Even though God raised up judges to deliver them out of the hands of those who spoiled them, they would not hearken, but they defiled themselves with other gods and bowed down to them; they turned quickly out of the way in which their fathers walked. They corrupted themselves more than their fathers and did not cease from their own doings nor from their stubborn way (2:16-19).

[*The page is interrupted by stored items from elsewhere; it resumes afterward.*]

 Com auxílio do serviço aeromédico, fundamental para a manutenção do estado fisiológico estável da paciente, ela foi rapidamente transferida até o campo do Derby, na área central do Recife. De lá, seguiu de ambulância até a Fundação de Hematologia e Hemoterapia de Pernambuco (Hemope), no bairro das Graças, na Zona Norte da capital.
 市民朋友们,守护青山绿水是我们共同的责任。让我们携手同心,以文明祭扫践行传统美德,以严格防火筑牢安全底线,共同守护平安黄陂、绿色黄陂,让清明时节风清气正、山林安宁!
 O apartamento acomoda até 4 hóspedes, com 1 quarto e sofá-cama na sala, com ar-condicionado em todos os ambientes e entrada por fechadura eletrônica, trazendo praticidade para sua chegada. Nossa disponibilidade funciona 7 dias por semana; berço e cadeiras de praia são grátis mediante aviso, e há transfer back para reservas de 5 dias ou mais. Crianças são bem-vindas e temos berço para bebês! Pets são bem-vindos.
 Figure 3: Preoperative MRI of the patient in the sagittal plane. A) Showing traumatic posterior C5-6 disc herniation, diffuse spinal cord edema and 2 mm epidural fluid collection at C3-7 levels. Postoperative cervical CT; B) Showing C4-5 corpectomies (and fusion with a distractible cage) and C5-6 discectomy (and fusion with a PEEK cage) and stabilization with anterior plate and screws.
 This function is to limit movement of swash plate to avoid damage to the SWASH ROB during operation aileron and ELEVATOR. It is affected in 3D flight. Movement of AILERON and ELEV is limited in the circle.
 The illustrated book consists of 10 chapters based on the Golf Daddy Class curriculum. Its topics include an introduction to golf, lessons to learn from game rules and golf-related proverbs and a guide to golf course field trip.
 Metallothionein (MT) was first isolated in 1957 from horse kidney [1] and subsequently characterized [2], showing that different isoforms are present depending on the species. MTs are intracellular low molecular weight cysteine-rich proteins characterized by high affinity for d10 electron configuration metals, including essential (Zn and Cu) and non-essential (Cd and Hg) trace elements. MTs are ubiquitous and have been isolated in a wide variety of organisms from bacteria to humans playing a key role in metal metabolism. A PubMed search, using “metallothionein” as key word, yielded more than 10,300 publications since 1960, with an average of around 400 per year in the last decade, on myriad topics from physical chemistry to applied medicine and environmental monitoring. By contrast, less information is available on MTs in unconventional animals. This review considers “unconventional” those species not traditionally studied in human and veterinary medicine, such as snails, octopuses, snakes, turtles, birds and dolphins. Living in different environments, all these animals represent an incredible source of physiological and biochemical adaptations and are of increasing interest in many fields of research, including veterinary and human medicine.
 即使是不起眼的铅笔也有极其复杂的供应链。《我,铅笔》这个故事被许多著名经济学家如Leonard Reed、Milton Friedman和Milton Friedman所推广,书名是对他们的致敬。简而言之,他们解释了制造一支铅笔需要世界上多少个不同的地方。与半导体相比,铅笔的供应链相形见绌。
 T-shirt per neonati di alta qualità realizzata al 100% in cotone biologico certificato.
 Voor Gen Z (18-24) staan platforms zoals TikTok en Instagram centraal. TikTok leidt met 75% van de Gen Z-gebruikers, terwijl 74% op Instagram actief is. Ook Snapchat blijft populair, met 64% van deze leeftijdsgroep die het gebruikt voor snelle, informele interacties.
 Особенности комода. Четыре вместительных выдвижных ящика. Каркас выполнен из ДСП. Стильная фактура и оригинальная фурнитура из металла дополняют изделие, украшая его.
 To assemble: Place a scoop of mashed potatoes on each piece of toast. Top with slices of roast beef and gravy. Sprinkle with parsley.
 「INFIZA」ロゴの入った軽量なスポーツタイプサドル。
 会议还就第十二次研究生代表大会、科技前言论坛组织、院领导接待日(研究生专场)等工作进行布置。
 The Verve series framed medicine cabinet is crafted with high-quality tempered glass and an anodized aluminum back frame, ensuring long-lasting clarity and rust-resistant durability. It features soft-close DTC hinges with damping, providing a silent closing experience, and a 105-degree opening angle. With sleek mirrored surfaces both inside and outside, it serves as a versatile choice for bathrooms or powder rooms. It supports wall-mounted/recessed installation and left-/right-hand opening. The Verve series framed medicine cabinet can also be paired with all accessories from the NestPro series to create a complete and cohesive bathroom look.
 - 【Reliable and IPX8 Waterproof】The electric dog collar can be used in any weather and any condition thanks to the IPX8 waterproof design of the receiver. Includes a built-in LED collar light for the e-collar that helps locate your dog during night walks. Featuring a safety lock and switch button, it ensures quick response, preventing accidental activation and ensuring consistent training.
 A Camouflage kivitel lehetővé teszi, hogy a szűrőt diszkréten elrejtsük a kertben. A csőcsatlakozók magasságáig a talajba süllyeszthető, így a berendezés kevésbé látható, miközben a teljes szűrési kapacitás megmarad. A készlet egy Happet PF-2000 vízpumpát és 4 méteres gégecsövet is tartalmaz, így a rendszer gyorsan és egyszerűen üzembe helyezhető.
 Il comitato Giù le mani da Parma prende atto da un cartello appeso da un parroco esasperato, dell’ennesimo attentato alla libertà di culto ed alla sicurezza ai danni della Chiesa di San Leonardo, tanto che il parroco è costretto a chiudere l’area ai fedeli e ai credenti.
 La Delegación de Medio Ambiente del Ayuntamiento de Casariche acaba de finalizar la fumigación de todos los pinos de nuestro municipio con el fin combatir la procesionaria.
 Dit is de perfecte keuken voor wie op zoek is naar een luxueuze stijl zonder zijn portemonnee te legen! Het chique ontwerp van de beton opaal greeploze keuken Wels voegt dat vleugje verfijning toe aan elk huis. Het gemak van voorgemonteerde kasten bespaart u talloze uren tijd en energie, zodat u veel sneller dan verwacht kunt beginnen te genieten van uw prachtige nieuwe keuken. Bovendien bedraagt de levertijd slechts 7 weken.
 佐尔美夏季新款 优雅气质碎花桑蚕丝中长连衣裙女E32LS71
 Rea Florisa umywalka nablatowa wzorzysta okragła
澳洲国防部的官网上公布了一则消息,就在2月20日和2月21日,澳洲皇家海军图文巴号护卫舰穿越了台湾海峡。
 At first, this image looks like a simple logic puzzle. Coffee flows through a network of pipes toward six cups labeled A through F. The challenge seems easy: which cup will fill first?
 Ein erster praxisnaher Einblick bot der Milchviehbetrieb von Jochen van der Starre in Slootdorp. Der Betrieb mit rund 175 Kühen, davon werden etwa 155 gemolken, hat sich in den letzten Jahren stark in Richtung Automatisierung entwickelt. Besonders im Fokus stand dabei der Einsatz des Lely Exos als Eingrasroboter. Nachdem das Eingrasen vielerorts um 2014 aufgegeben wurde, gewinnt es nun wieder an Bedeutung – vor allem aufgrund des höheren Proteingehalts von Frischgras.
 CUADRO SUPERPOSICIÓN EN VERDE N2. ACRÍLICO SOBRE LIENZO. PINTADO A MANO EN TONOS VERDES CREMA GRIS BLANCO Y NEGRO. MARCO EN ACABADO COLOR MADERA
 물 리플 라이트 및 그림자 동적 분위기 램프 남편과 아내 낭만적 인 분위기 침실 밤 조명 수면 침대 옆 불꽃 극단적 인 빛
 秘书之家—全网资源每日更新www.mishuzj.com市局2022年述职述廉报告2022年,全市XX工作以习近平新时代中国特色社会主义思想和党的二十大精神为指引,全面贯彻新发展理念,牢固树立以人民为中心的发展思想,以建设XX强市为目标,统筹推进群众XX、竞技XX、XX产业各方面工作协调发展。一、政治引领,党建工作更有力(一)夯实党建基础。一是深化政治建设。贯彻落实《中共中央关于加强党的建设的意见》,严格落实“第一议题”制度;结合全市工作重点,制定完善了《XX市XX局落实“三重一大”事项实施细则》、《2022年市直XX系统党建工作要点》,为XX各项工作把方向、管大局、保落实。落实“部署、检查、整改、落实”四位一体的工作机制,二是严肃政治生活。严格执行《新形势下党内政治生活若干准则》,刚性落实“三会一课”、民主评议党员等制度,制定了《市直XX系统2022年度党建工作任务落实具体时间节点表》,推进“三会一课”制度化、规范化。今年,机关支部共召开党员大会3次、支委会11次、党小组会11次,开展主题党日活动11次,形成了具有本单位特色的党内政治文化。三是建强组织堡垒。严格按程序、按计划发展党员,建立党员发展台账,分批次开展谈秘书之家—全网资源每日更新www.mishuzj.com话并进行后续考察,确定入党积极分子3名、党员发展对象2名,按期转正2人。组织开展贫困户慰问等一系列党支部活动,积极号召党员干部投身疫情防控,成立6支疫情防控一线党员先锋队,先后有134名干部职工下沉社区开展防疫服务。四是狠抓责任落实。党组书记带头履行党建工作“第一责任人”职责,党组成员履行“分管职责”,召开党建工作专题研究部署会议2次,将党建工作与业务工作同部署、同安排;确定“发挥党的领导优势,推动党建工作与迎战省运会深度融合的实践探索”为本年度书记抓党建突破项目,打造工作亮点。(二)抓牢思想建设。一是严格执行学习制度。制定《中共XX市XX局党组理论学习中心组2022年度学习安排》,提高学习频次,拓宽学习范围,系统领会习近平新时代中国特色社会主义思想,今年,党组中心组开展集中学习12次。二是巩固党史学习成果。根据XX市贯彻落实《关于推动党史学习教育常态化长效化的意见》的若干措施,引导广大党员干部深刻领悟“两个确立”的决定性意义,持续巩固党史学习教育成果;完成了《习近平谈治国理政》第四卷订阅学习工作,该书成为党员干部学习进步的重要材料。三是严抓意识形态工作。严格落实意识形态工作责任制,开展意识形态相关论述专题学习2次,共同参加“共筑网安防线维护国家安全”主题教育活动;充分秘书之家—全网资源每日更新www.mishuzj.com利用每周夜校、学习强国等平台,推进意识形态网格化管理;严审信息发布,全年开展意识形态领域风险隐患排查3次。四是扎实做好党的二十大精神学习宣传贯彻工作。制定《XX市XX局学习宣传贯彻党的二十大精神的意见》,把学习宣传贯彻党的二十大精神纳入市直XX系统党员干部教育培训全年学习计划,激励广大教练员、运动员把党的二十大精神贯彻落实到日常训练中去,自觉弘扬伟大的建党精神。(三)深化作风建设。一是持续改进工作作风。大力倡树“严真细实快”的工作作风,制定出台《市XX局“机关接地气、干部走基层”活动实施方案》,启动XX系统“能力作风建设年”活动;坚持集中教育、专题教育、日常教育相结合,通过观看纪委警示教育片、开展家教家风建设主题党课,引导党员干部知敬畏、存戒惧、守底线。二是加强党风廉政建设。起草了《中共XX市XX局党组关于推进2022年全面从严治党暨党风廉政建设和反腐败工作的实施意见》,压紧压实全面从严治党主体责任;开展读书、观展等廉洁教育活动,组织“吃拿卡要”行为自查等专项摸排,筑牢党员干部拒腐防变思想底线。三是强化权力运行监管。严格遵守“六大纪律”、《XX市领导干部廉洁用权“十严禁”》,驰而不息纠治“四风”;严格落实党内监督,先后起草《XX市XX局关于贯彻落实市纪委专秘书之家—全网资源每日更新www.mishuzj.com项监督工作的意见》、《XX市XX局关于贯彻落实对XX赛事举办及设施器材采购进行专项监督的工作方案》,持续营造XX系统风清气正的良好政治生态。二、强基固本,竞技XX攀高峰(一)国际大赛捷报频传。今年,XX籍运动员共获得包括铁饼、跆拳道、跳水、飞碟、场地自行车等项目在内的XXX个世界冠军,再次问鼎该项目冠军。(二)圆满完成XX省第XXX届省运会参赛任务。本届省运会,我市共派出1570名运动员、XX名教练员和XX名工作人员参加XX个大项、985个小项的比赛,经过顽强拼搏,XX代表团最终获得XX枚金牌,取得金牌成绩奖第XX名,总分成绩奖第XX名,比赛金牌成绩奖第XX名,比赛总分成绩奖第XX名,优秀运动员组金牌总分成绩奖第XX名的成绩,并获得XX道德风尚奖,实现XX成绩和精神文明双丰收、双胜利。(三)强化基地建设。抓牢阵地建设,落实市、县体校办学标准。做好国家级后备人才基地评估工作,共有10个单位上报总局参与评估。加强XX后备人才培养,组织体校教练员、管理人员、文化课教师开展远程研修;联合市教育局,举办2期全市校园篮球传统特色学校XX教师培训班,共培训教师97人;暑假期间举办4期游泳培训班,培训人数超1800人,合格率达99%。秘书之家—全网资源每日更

The age of the judges may be considered the darkest period in the history of Israel. At that time, among the children of Israel there were rebellions against God, idolatry (Judg. 17—18), infighting (Judg. 9), hostility and controversy among the tribes (Judg. 20—21), fornication (Judg. 19), filthiness, brutal killings, and all manner of evil doing. Every man did that which was right in his own eyes (Judg. 17:6; 21:25). It was also a period of tragedy. The unbelief of the children of Israel caused them to wander for forty years so that even their carcasses fell in the wilderness (Heb. 3:7, 19). But their forsaking God and their idolatry after they entered the land issued in a situation of defeat and tragedy that lasted not merely forty years, but ten times forty years.
The children of Israel forsook God repeatedly, followed the nations’ customs, and bowed themselves down to other gods, but as soon as they repented, God listened to their cries, and delivered them out of the hand of their enemies through the judges. In God’s grace and faithfulness the children of Israel needed only to repent from their hearts and to cry to God; then God would listen to their prayers and deliver them. As many as seven times, they rebelled, were enslaved, repented, and were delivered.
Some of the judges raised up by God were born of poor and humble families, such as Gideon, who was poor in Manasseh and the least in his father’s house (Judg. 6:15). Some were women, such as Deborah (Judg. 4:4). Some were like Jephthah, the son of a harlot (Judg. 11:1). Some were like Samson, who was a voluntarily consecrated Nazarite (Judg. 13:3-5). However, because Jehovah’s Spirit had come upon them (Judg. 3:10; 6:34; 11:29; 13:25; 14:6, 19; 15:14), they could prevail against their strong enemies and could be deliverers to the children of Israel. As it is said, “Not by might, nor by power, but by my spirit, saith the Lord of hosts” (Zech. 4:6).
God raised up judges for the sake of the children of Israel, and God was with the judges. God delivered them out of the hands of their enemies as long as the judges were present. This continued until Samuel was raised up by God. Then the age of the judges was ended.
Eli was both a priest and a judge (1 Sam. 4:18; 1:9). When God’s ark was in Shiloh, he ministered to God in the priestly office. He blessed Hannah, Samuel’s mother, that she might have a son (1 Sam. 1:17). He also taught the child Samuel how to minister to the Lord (1 Sam. 2:11).
Eli had two sons, Hophni and Phinehas, and both were wicked. They both were priests but they did not know the Lord. Their custom with the people was that, when any man offered a sacrifice, the priest’s servant came, while the flesh was boiling, with a fleshhook of three teeth in his hand, and he thrust it into the pan, or kettle, or caldron, or pot; all that the fleshhook brought up the priest took for himself. Because they abhorred the offerings of the Lord, their sin was very great before Him (1 Sam. 2:12-17), to such an extent that He would slay them (1 Sam. 2:25).
But Eli allowed his two sons to make themselves fat with the best of all the offerings of God’s people, for he honored his sons more than God (1 Sam. 2:29). He knew that his sons defiled themselves, but he did not restrain them (1 Sam. 3:13). Therefore God swore to the house of Eli that the iniquity of Eli’s house would never be cleansed with sacrifice or offerings (1 Sam. 3:14).
When the children of Israel went out to fight against the Philistines, God allowed His ark to be taken, and the two sons of Eli were slain (1 Sam. 4:11). When Eli heard that the ark of the Lord was taken, he fell from the seat backward by the side of the gate, and his neck broke and he died (1 Sam. 4:18). From the time God established Samuel as a prophet (1 Sam. 3:20) until the death of Eli, the priests no longer held the important position but were replaced by the prophets.